(TASK DESCRIPTION)
With pictures excluded, copy word for word the lines in the data below from the line containing "Удлинитель электрический DORI" through the line containing "The centerpiece of".

(EXERCISE DATA)

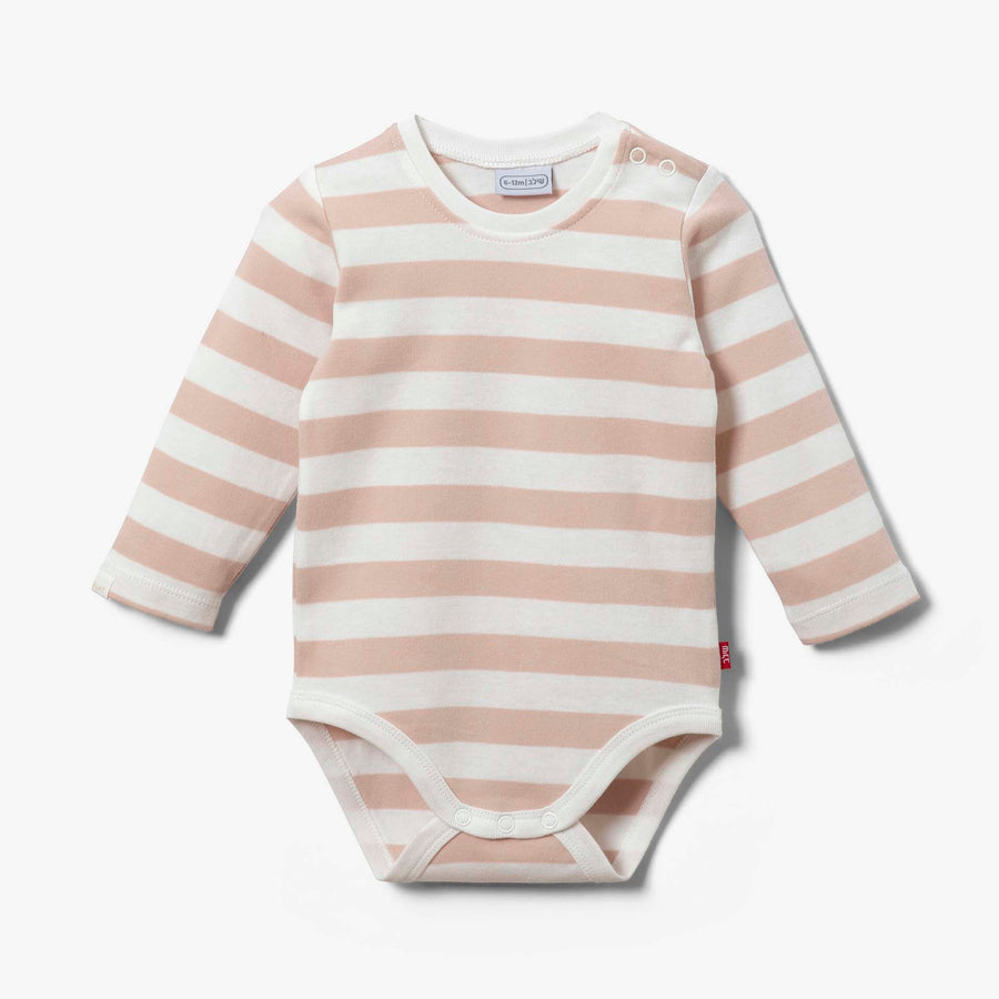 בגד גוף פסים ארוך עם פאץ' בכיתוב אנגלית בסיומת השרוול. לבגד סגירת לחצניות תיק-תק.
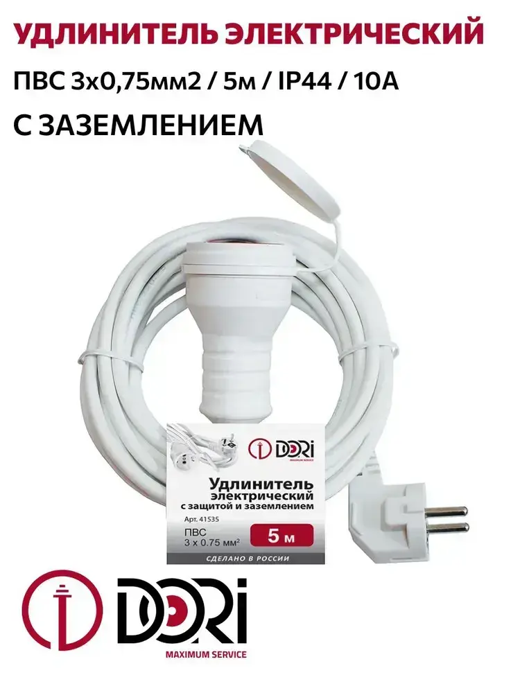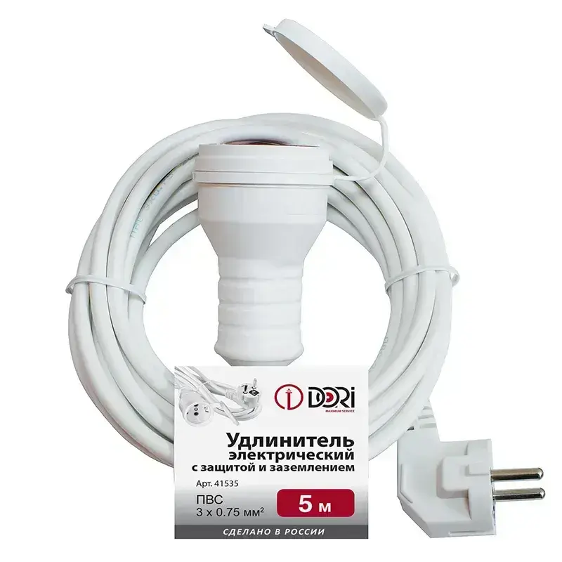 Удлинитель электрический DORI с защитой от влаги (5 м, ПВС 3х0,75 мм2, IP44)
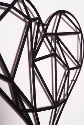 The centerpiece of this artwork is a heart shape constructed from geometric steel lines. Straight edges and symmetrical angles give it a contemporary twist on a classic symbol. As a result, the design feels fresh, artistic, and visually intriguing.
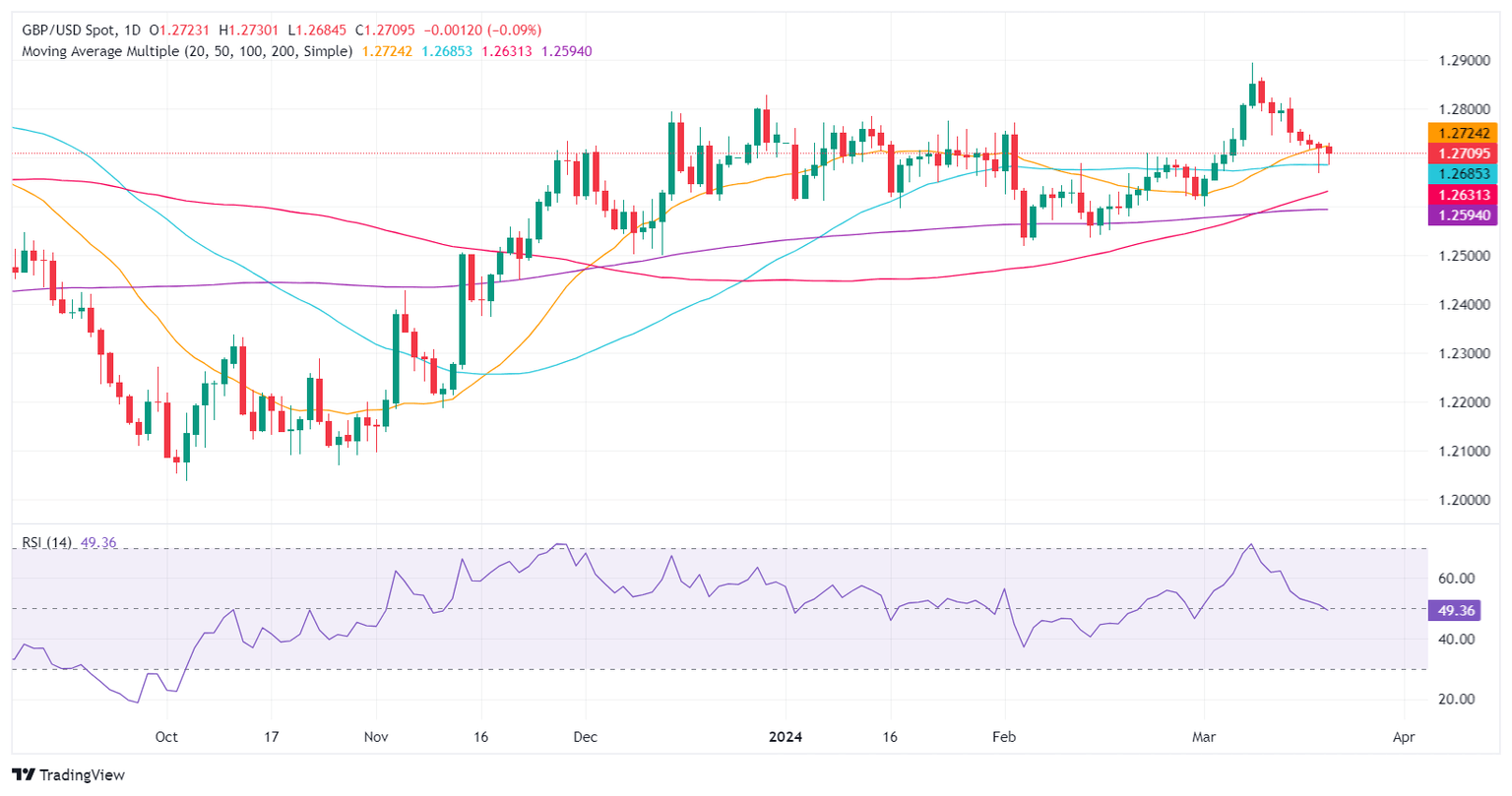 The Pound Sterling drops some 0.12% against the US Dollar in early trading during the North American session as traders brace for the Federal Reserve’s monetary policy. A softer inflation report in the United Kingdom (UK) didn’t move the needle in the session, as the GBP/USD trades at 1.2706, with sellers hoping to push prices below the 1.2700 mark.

(RESPONSE)
 Удлинитель электрический DORI с защитой от влаги (5 м, ПВС 3х0,75 мм2, IP44)
 The centerpiece of this artwork is a heart shape constructed from geometric steel lines. Straight edges and symmetrical angles give it a contemporary twist on a classic symbol. As a result, the design feels fresh, artistic, and visually intriguing.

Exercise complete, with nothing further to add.